Summary: Architecture Durability

What Remains Stable

Principle Why It Survives
Layered defence Universal security principle
Risk-based controls Regulatory and practical necessity
Human accountability Regulatory requirement, ethical imperative
Logging and audit Foundation for all assurance
Guardrails → Judge → HITL Functional abstraction, not implementation

What Requires Extension

Trend Extension Needed
Agentic AI Plan approval, trajectory evaluation, circuit breakers
Multimodal Extend guardrails and Judge to non-text modalities
AI-to-AI Trace logging, attribution model
Edge AI Delayed assurance model
Streaming Incremental evaluation

What Might Break

Only agentic AI fundamentally challenges the model:

The current architecture assumes discrete interactions that can be evaluated independently. Agentic AI breaks this by: 1. Creating multi-step chains where context matters 2. Taking real-world actions that can't be "undone" 3. Operating faster than humans can review

The fix is not to abandon the architecture but to extend it: - Add plan-level review (before execution) - Add trajectory-level evaluation (in addition to interaction-level) - Add circuit breakers (hard limits during execution) - Shift HITL from "review everything" to "review decisions and exceptions"

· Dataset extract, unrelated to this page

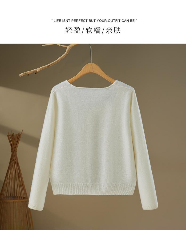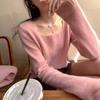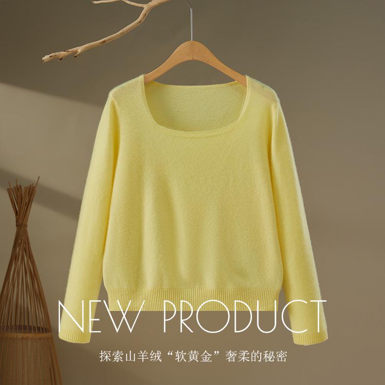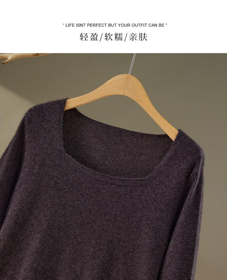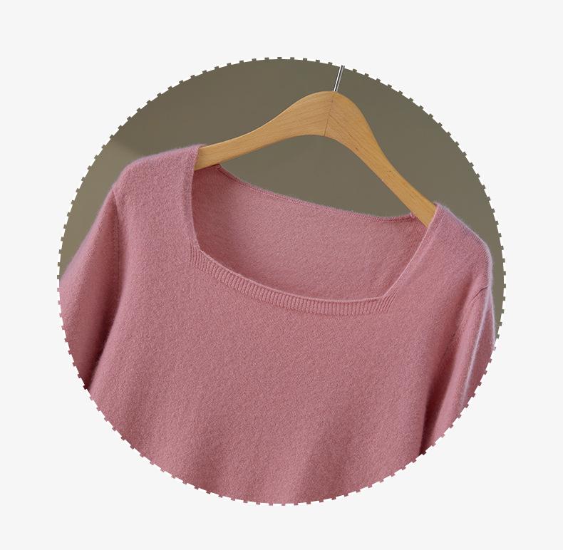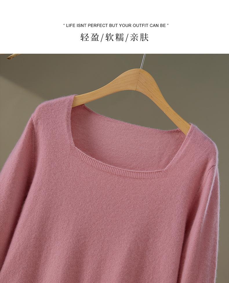 Moda Otoño/Invierno 2025 Suéter Corto de Cachemira Suave Cuello Cuadrado Jerséi Color Sólido Capa Interior Elegante Tejido de Punto Básico de Cachemira

See Agentic Controls for the complete control set.


Recommendations

Near-Term (Now)

  1. Implement agentic controls — See Agentic Controls for plan approval, circuit breakers, trajectory evaluation
  2. Monitor multimodal guardrail maturity — Platform capabilities are evolving rapidly
  3. Implement trace logging — Even for non-agentic systems, correlation IDs enable future capabilities

Medium-Term (6-12 months)

  1. Develop trajectory Judge — Extend Judge to evaluate multi-step chains
  2. Build circuit breaker patterns — Reusable components for agentic systems
  3. Extend guardrails for multimodal — As platform support matures

Long-Term (12+ months)

  1. AI-to-AI governance model — Attribution, accountability across AI chains
  2. Autonomous AI oversight — When AI operates without human review
  3. Regulatory alignment — EU AI Act and others will evolve; track and adapt

Conclusion

The reference architecture is durable but not static.

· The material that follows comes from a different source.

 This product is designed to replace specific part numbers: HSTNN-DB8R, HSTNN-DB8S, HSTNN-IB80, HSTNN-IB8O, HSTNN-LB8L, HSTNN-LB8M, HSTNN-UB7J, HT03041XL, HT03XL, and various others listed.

The core principle — Guardrails prevent, Judge detects, Humans decide — survives because it describes functions, not implementations. As AI capabilities evolve, the implementations change but the functions remain.

Agentic AI is the critical trend to watch. It challenges the interaction-centric model and requires genuine architectural extension. Other trends (multimodal, reasoning models, longer contexts) are accommodated with relatively minor adjustments.

The framework should be treated as a living document that evolves with the technology. This is not a weakness — it's a design principle.

AI Runtime Behaviour Security, 2026 (Jonathan Gill).